─── Source material ───

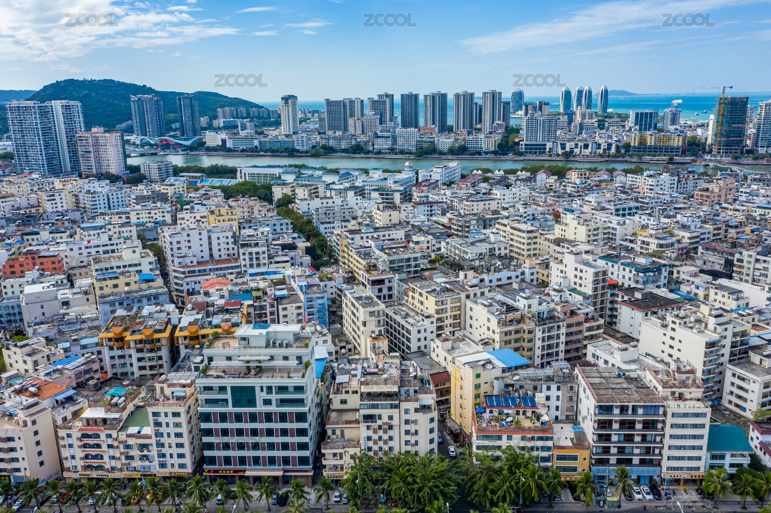航拍海南三亚港门村都市村庄城中村自建房屋
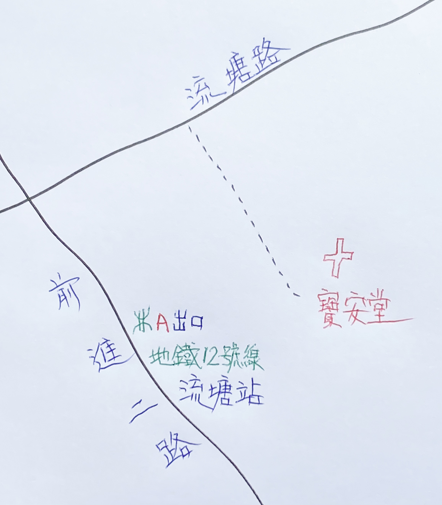 走上流塘站 A出口地面,旁邊是前進二路,轉到側旁的流塘路去,走不到兩分鐘,留意行人路旁的樓宇之間、有一條不起眼卻頗寬闊的通道;走入其間,首先可見一個露天停車場的閘欄,然而步過這處閘欄繼續前行,眼前竟是另一片天地,其中包含一座壯麗的基督教寶安堂。
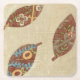 Three Leaves on Linen Texture Background Square Paper Coaster
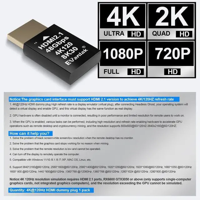 Function: The 4K@120Hz HDMI Dummy Plug allows your PC to activate the GPU and simulate a high-resolution virtual display for efficient task performance. Supports resolutions up to 8k@30HZ 4K@60Hz/120Hz, 1440p@60Hz/120Hz, 1080p@60Hz/120Hz, and more.
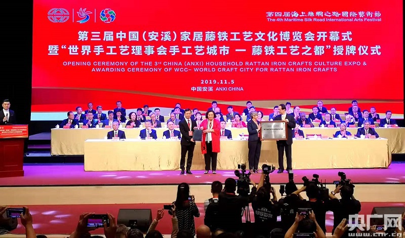 開幕式上,舉行了“世界手工藝理事會手工藝城市——藤鐵工藝之都”授牌儀式。世界手工藝理事會羅茜·格林麗絲主席、世界手工藝理事會亞太地區嘎達·席佳薇主席蒞臨為安溪頒發牌匾。
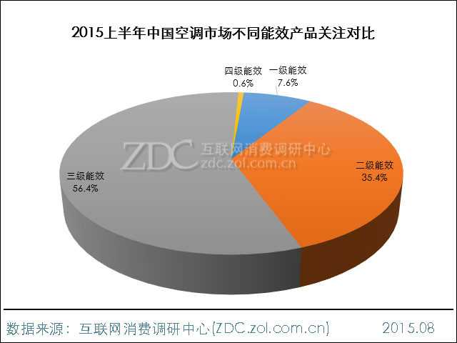 从能效等级来看,三级能效产品获得56.4%的关注比例,为用户关注的绝对主流,另外二级能效产品获得35.4%的关注比例。一级、四级能效产品关注度则相对较低。
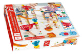 The *Hape – Marble Cascade Block Set includes a jump, a bell-bucket, a spiral funnel, a ringing bell, and a sliding track for your marbles to get through! Great for encouraging hand-eye coordination, planning, and logical thinking.
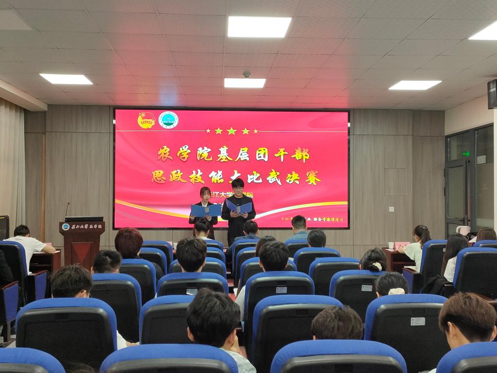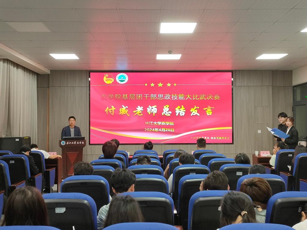 思政技能大比武决赛于4月26日下午6:30在农科大楼3073报告厅举行。参与此次活动的有校团委张鑫老师、农学系覃元老师、农资系付威老师、辅导员唐玉婷老师、兼职辅导员毛国庆、李洪洲和孙振艳以及77779193永利官网学生干部和各班班委。
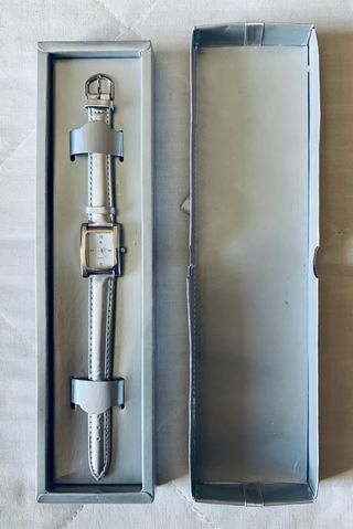 Elegante reloj de pulsera con correa plateada. - Caja rectangular metálica. - Correa de piel sintética con pespuntes. - Cierre de hebilla plateada.

───

» **About this task**
Return word for word the line bearing "走上流塘站 A出口地面,旁邊" and every later line of the entries, but none of the pictures.

» **Final answer**
 走上流塘站 A出口地面,旁邊是前進二路,轉到側旁的流塘路去,走不到兩分鐘,留意行人路旁的樓宇之間、有一條不起眼卻頗寬闊的通道;走入其間,首先可見一個露天停車場的閘欄,然而步過這處閘欄繼續前行,眼前竟是另一片天地,其中包含一座壯麗的基督教寶安堂。
 Three Leaves on Linen Texture Background Square Paper Coaster
 Function: The 4K@120Hz HDMI Dummy Plug allows your PC to activate the GPU and simulate a high-resolution virtual display for efficient task performance. Supports resolutions up to 8k@30HZ 4K@60Hz/120Hz, 1440p@60Hz/120Hz, 1080p@60Hz/120Hz, and more.
 開幕式上,舉行了“世界手工藝理事會手工藝城市——藤鐵工藝之都”授牌儀式。世界手工藝理事會羅茜·格林麗絲主席、世界手工藝理事會亞太地區嘎達·席佳薇主席蒞臨為安溪頒發牌匾。
 从能效等级来看,三级能效产品获得56.4%的关注比例,为用户关注的绝对主流,另外二级能效产品获得35.4%的关注比例。一级、四级能效产品关注度则相对较低。
 The *Hape – Marble Cascade Block Set includes a jump, a bell-bucket, a spiral funnel, a ringing bell, and a sliding track for your marbles to get through! Great for encouraging hand-eye coordination, planning, and logical thinking.
 思政技能大比武决赛于4月26日下午6:30在农科大楼3073报告厅举行。参与此次活动的有校团委张鑫老师、农学系覃元老师、农资系付威老师、辅导员唐玉婷老师、兼职辅导员毛国庆、李洪洲和孙振艳以及77779193永利官网学生干部和各班班委。
 Elegante reloj de pulsera con correa plateada. - Caja rectangular metálica. - Correa de piel sintética con pespuntes. - Cierre de hebilla plateada.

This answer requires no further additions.